The possibility of Hicks entering into a plea bargain was raised after US President George W Bush yesterday ratified a new system of military commissions following the US Supreme Court's ruling that the original military courts were illegal.

Fairfax newspapers today reported that Mr Ruddock had predicted
Hicks would take a plea bargain.

"... In all likelihood there will be a plea bargain in which Hicks will agree to plead guilty," Mr Ruddock told Fairfax.

However within hours Mr Ruddock clarified his position, saying a plea bargain was just one option open to Hicks.

"That (a plea bargain) is one of the options," Mr Ruddock told
ABC Radio today.

Hicks 'not guilty'
Hicks' US appointed military lawyer Major Michael Mori angrily denied suggestions his client would plead guilty.

"The first I heard about it was when some reporter called me and asked me if I'd seen the story in The Age," he told ABC Radio.

Major Mori said Mr Ruddock made the same claim two years ago.

"It sounds to me again like this minister is trying to mislead the public into thinking David violated some crime when he knows
David didn't violate Australian law or international law."
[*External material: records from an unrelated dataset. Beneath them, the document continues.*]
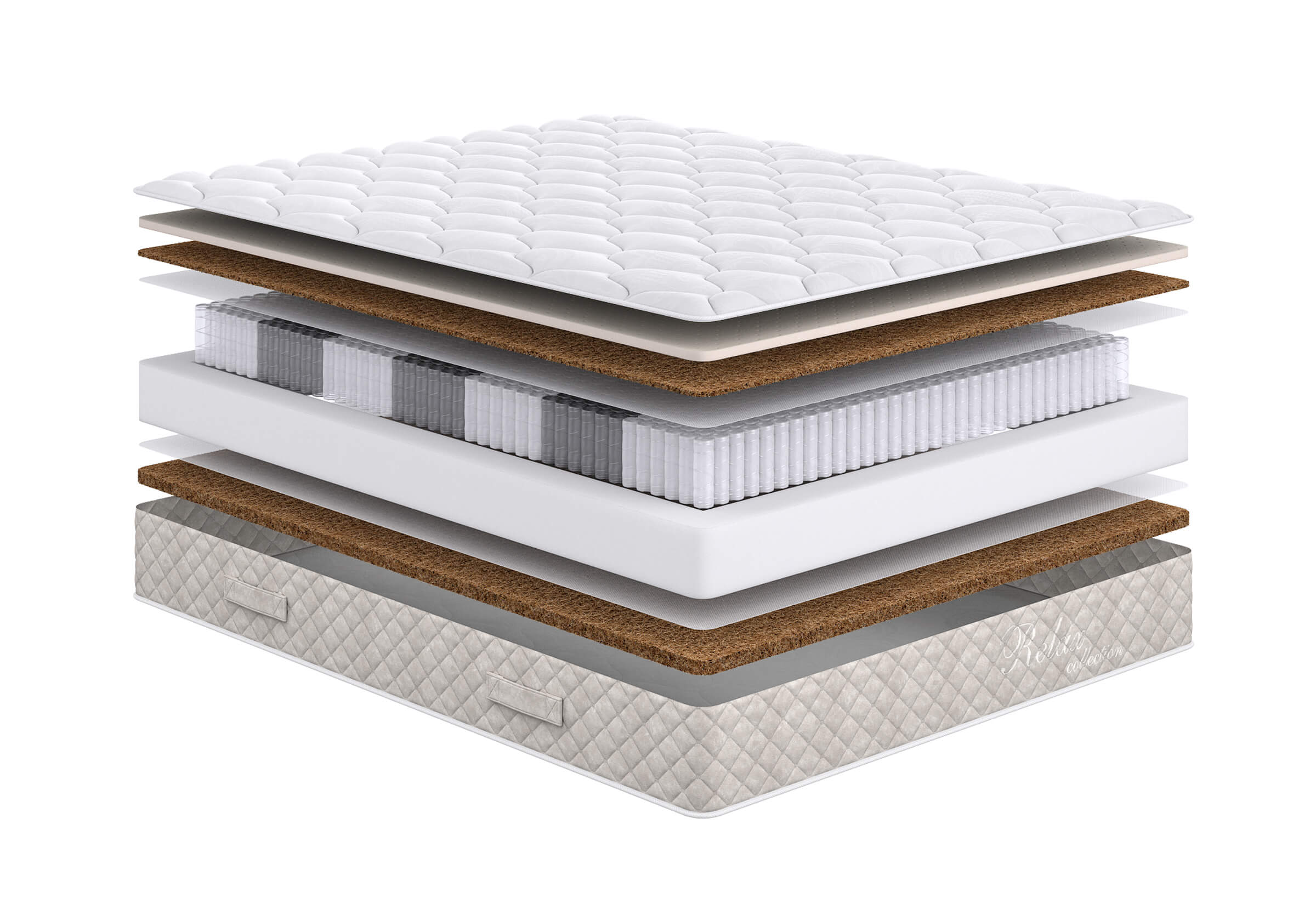 Природный натуральный материал. Состоит из волокон ореха кокосовой пальмы, пропитанных составом из натурального латекса. Гипоалергенен, обеспечивает циркуляцию воздуха и теплообмен.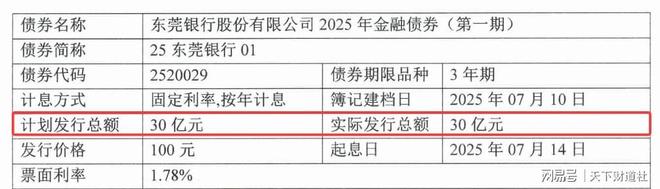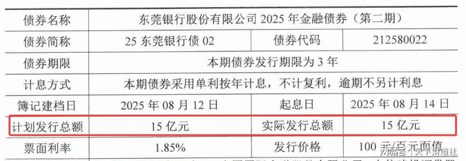 2025年7月10日、8月12日东莞银行又分别发行金融债30亿元、15亿元。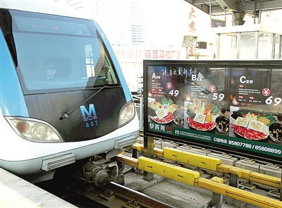 2月19日,武汉轻轨1号线的列车从投放的广告前驶过。武汉地铁广告招标“低标中标”事件,近来引起社会的广泛关注。19日武汉市纪检监察部门宣布此次招标结果无效。 新华社记者 肖艺九摄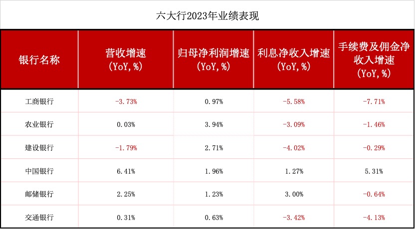 从业绩表现来看,除工商银行(601398.SH)和建设银行(601939.SH)出现“增利不增收”情况外,其余四家均录得营收净利双增。其中,中国银行(601988.SH)2023年营收同比增长6.41%,排在六大行首位;归母净利润增速最快的是农业银行(601288.SH),同比增长了3.94%。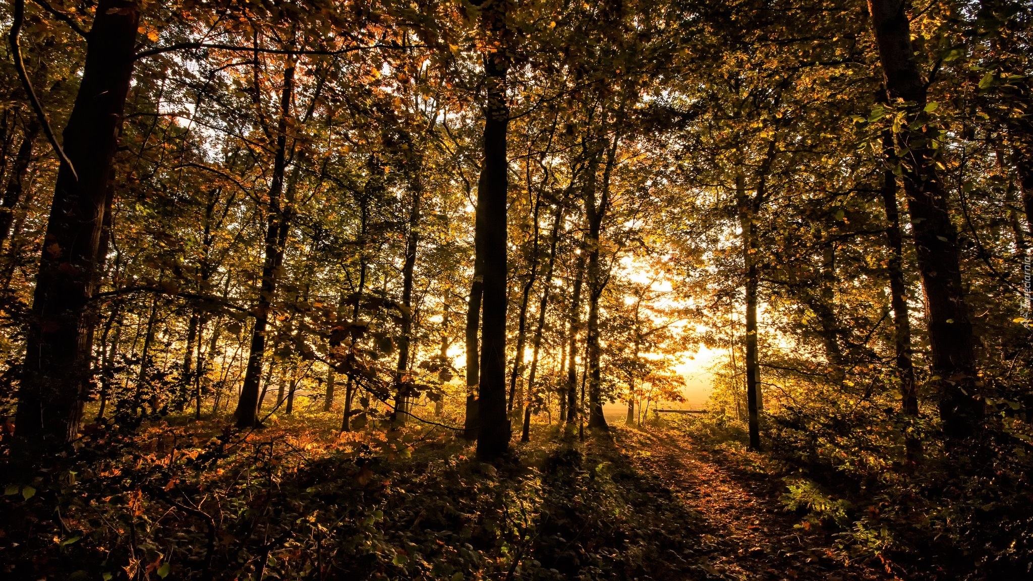 Edytor tapety: Jesień w lesie w blasku słońca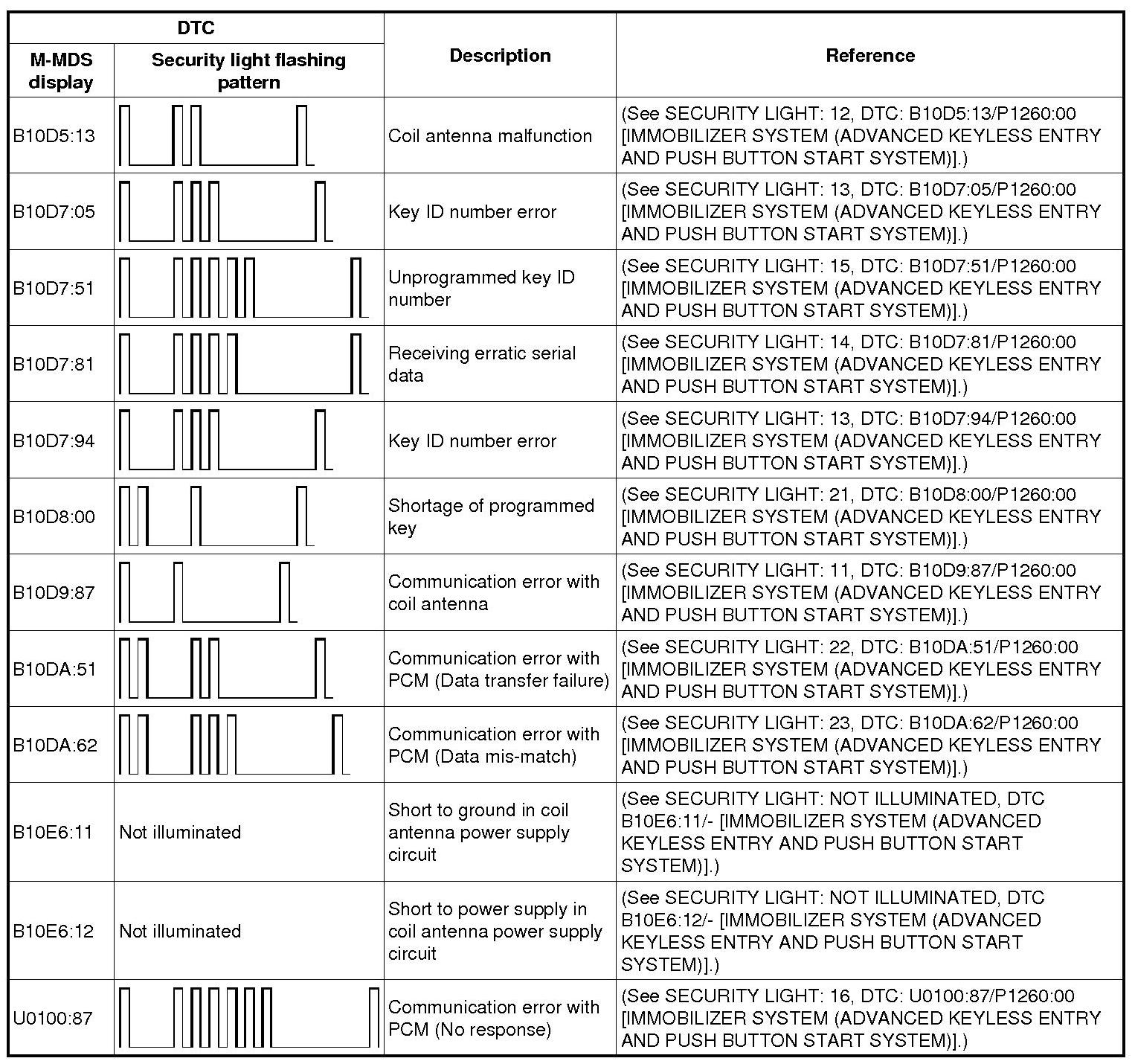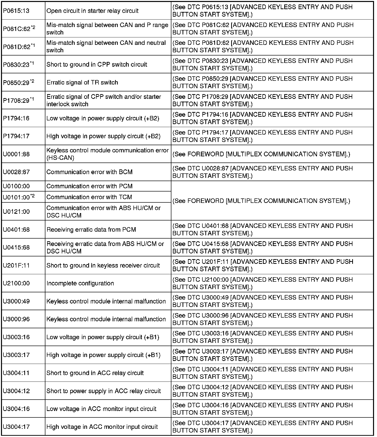 DTC TABLE [ADVANCED KEYLESS ENTRY AND PUSH BUTTON START SYSTEM]

Hicks' father says there is no reason for his son to plead guilty.

"If he's guilty of something he would have pleaded guilty in the last lot, if he's not guilty of anything he won't plead guilty," Terry Hicks told ABC Radio.

Mr Ruddock said there were other options available to David Hicks.

"He could plead not guilty and if he was found to be not guilty, in our view, we would be seeking his return to Australia as we did in relation to Mamdouh Habib," he said.

"If he were found to be guilty, there would be the question of penalty, and we have negotiated with the United States a prisoner-exchange agreement and we are in the process of updating that agreement to take into account the new form of military commission."

Hicks is being held in solitary confinement at the US high security prison at Guantanamo Bay in Cuba. He has been held there for about five years.

The 31-year-old had previously pleaded not guilty to charges of conspiracy, attempted murder and aiding the enemy.

But those charges were dropped following a US Supreme Court ruling in June that declared the military tribunals set up to try Hicks and other Guantanamo Bay inmates illegal.